Financial Regulatory Reform: How Does It Help, How Does It Hurt?
If you follow on Twitter, this is the session I mentioned (on whether resolution authority will work -- the general sentiment is that it will not -- and on the need for derivatives to go through organized markets/clearinghouses).
More generally, it's been hard to get a read on the general sentiment and tone of the conference, but so far I'd say that it is mostly forward looking. That is, for example, a lot of the discussion in the past was about how to fix the financial system. There was a lot of disagreement about what needed to be done, the ideological divide was basically between those who said it our problems came from too much government involvement in the economy and those who said it was from not enough (including ineffective government, e.g. on the regulatory front).
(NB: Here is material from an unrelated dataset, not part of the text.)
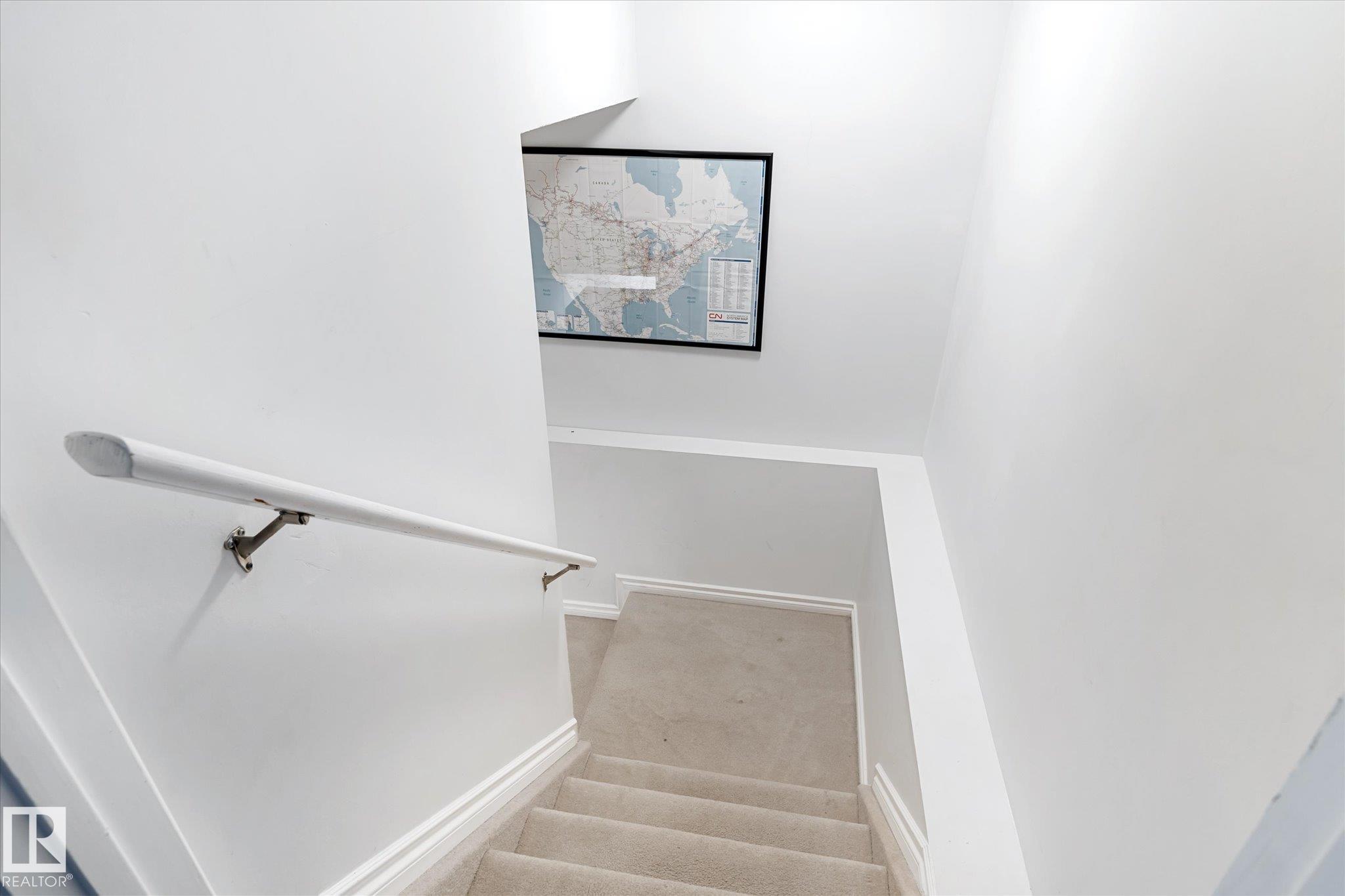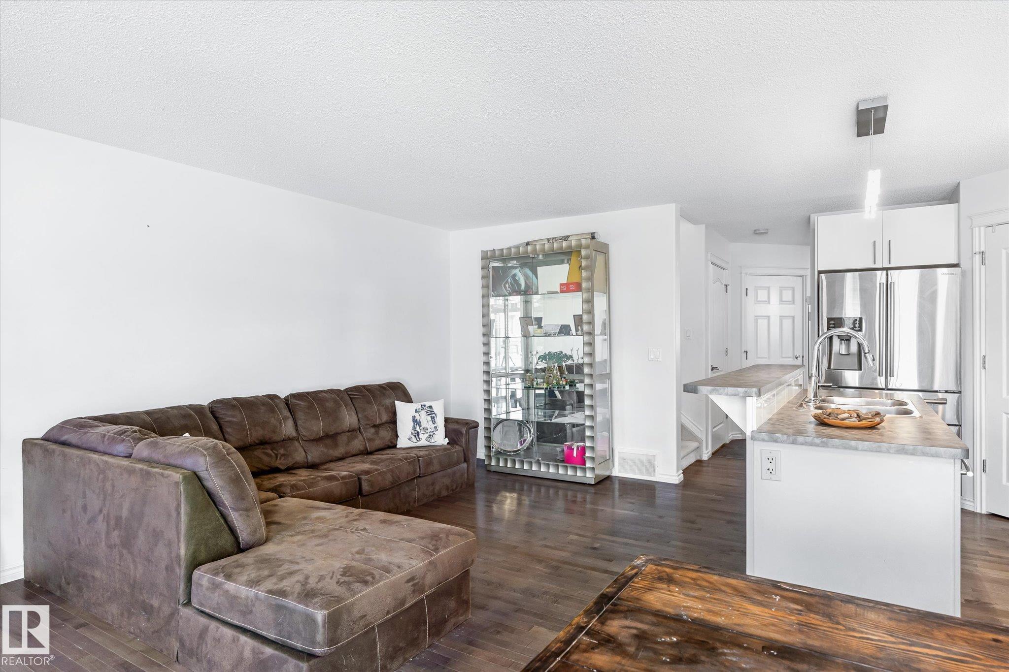 Massive lot with no neighbours on two sides! This fully finished home welcomes you in with hardwood flooring. The bright white kitchen has an island kitchen with eating bar, tons of counter and cabinet space plus a corner pantry. The kitchen overlooks the dining and living area with gas fireplace. Patio doors off the dining area lead to a deck and large fenced yard. A kids and dogs paradise! Upstairs there are three good sized bedrooms including a master bedroom with walk in closet. The full bathroom features tile flooring and white cabinetry. The basement has a finished family room. The projector and screen also stay, perfect for your family's movie night! Central A/C is an added bonus, and you have a garage, ample parking in the driveway and lots of on street parking. All of this in popular the Windermere community close to schools, parks, trails gyms and shopping.

But this year the recession and particularly the responses to it are largely taken as given and all but complete, and it's more about how things have changed, which of the changes will survive, and how to thrive in the new environment. Unfortunately, in my view the problems are still with us -- for example, we need to build on the weak regulatory foundation that Dodd-Frank gave us, not weaken it further -- but most eyes seem focused on the future rather than on the big problems that are still with us. I hope that doesn't come back to haunt us when the next large shock hits the financial system:
Financial Regulatory Reform: How Does It Help, How Does It Hurt?
Speakers:
- Kenneth Griffin, Founder and CEO, Citadel
- Raymond McDaniel Jr., Chairman and CEO, Moody's Corp.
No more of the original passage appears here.